If you must burn evergreen (soft wood), then do it in the outdoors. However, some do use it in a wood cook stove...if it is very dry. Burns fast and hot, which is why they used it in an old cook stove.


----------



## goggleye57 (Dec 27, 2003)

I'd agree don't do it - I've had a catalytic converter stove for 3 years - Use only well seasoned hardwoods. Make sure the stove is up to temperature before you flip on the converter or it will get plugged up quick.
If you are looking at a wood stove look for one the latest generation wood stoves that swirl and burn the exhaust gases in the top of the stove.


----------



## webfarmer (Apr 5, 2005)

I'm not sure, but haven't most manufacturers switched from catalytic to engineered swirl design? I need to replace mine next year and have been looking (Lopi) and asking questions. In any case - pine is not a good choice like everyone said although I think you could use a very small amount combined with the dry hardwood.


----------



## eddiejohn4 (Dec 23, 2005)

I would burn no and I am unanimous in this, no pine. just remember to say no pine trees please!


----------



## Backwoods-Savage (Aug 28, 2005)

webfarmer said:


> I'm not sure, but haven't most manufacturers switched from catalytic to engineered swirl design? I need to replace mine next year and have been looking (Lopi) and asking questions. In any case - pine is not a good choice like everyone said although I think you could use a very small amount combined with the dry hardwood.


You are correct that most have switched from catalytic. Seems the biggest reason is folks just did not know or would not take the time to use it right. As you stated by goggleye57, you need to get the fire going good before switching on the cat. That usually means 10-15 minutes and too many folks just don't want to spend that time. Just put the wood in and forget it. But the cat stoves still burn much cleaner than the non-cat stoves.


----------



## bobcolenso (Sep 11, 2003)

eddiejohn4 said:


> just remember to say no pine trees please!

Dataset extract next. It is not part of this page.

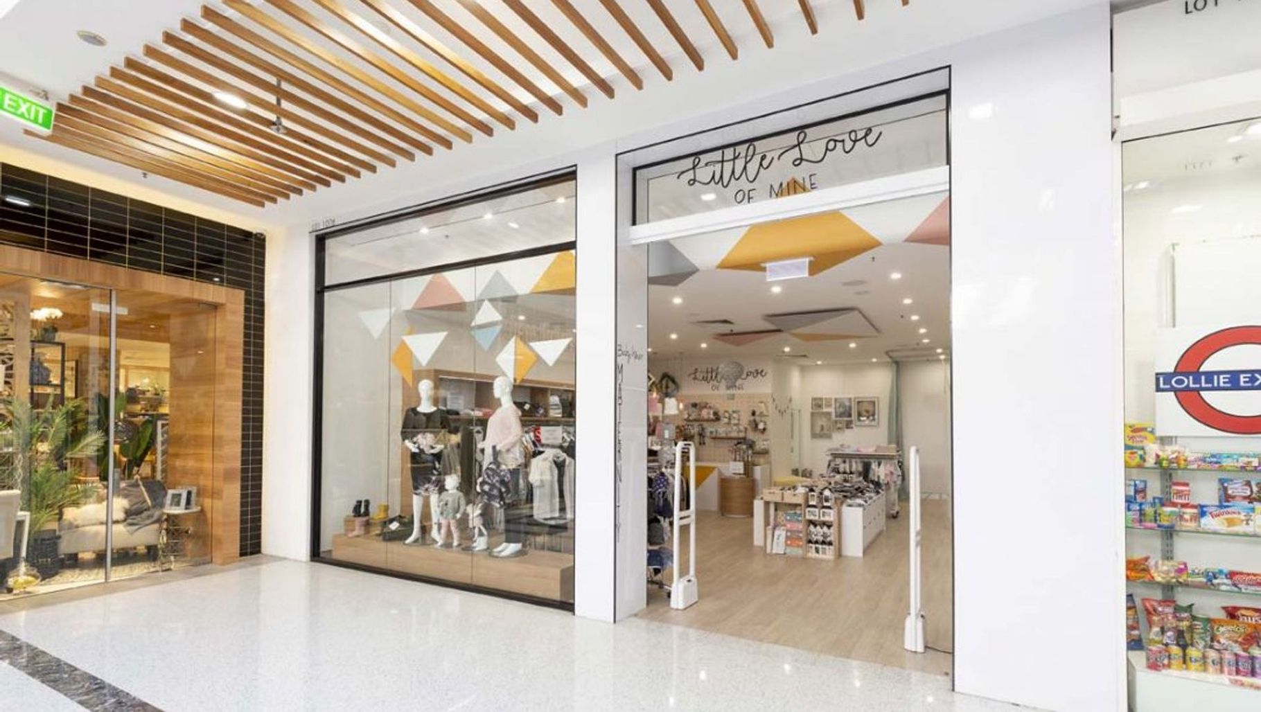 ArchiPro Project Summary - A beautifully designed retail fit-out for Little Love of Mine in Charlestown, NSW, featuring a light-filled space with pastel accents and flexible joinery to showcase high-quality maternity and children’s apparel.

I thought I'd be safe here!!!


----------



## huntfisheat (Jul 30, 2007)

I love my Lopi soooo much that I would make a commercial for them for free. Close clearences to walls saving floor space, thick top for holding heat and cooking and steady heat that don't cook you out or go out at night and freeze you to death in the morning. Truly a machine from the god's. I light mine on Saturday and it goes out the next Saturday seven days later when I go home. And that's the truth! I have checked my chimny pipe every year for the four years that I have had it but never had to clean it once, I do not use well seasoned wood all the time as I should. No pine though. Do not over buy, get one that is just large enough for your floor space.

Steve.
The old "Stick Bow" from this forum.


----------